If the honest answer is "nothing good" ... you already know what to fix.

It's not the process.

One email a week from The Builder's Leader. The frameworks, the blind spots, and the conversations most leaders avoid. Subscribe for free.

Top comments (6)

Mykola Kondratiuk • Apr 1

The PR cycle time data cuts through a lot of the usual team health debates. When the incentive is personal velocity - closed tickets, merged PRs - review quality is a cost, not a contribution. The 1000-line PR getting five extra minutes is the incentive structure expressing itself honestly. Hard to fix with culture talks; easier to fix when the dashboard makes it visible to the whole team the way you are describing.

Jono Herrington • Apr 2

That was the signal for me too. A review pattern like that tells you people are protecting their own scoreboard first. Once that is true, “be a better teammate” usually stays rhetorical. The real shift happened when helping someone else ship started carrying the same weight as shipping your own work.

Mykola Kondratiuk • Apr 2

yeah and that incentive shift is harder to pull off than it sounds. i've seen teams try to add 'review points' to sprint metrics and it just became a new scoreboard to game. the real version of what you're describing needs trust that leadership actually values it - not just in retros but in perf reviews

Christie Cosky • Mar 31

I worry about when metrics done at the individual level, especially when there's a fear of stack-ranking. Measuring time to finish a ticket? Quality suffers, unit testing suffers, leaving-the-code-better-than-you-found-it suffers, and nobody wants to do the bigger stories anymore. Measuring the number of comments left on a pull request (where more comments = bad)? Now people rubber stamp everything. Measuring the number of story points done in a sprint? Estimates go up. Unit test coverage must increase? Sloppy unit tests that don't assert anything get generated in bulk by AI. As you said, metrics are so easy to be bluffed.

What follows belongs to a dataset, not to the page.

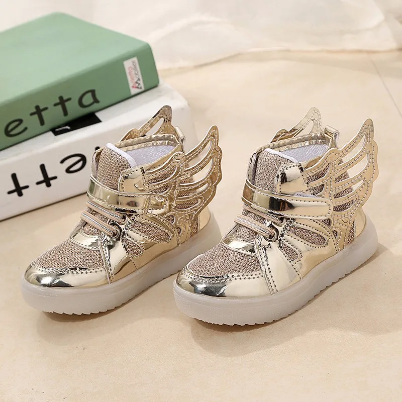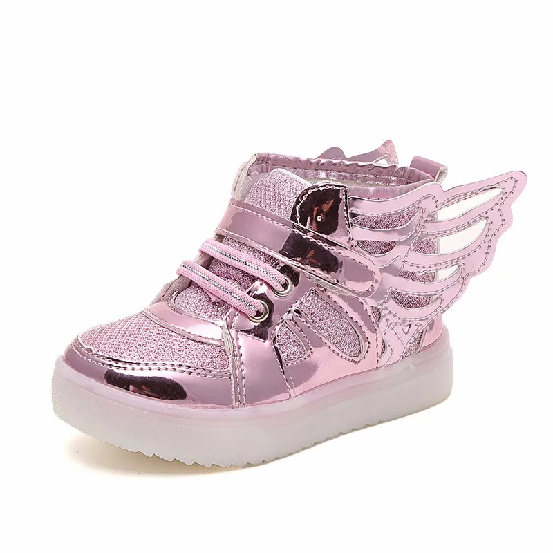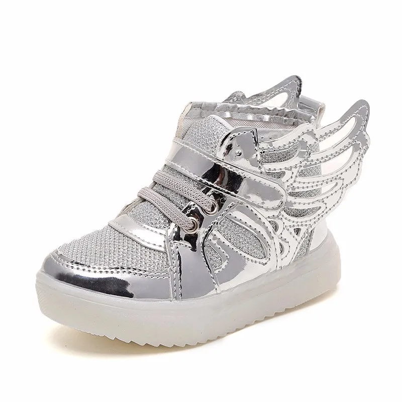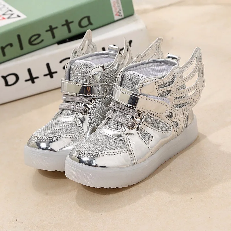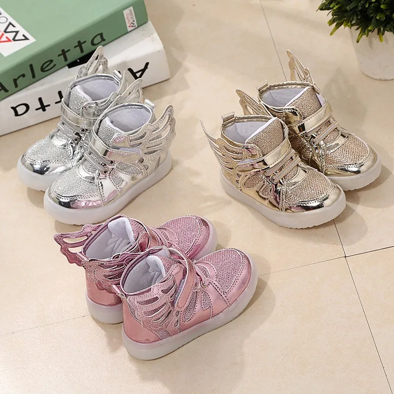 Baby Girls boys sequin LED Light Shoes Toddler Anti-Slip Sports Boots Kids Sneakers Children Cartoon Sequins PU Flats size 21-30

I don't blame the developers - as you said, it's the wrong incentive.

Interesting that dropping the MR in the shared channel worked for you - seems like it would increase the "bystander effect." Maybe that's because you incentivized it the right way.

Jono Herrington • Mar 31

That is exactly the failure mode.

The moment a metric gets tied to individual judgment in a low trust environment, people stop optimizing for the work and start optimizing for survival. You get faster ticket closure, quieter PRs, prettier dashboards ... and a worse system.

On the shared channel point, I think the difference is that we treated review as a team contribution, not as invisible extra credit. Once people know good review work actually matters, the bystander effect drops because the behavior is socially reinforced instead of taken for granted.

A lot of leaders say they want accountability, but what they really create is gaming. The design of the incentive decides which one shows up.

Christie Cosky • Apr 1

I get why large companies "manage by dashboard," but it definitely feels low-trust.

When I was a manager, at first I got frustrated when my devs gamed the system. Then I realized it was the natural consequence of the incentives in place. Don't hate the player, hate the game, or whatever.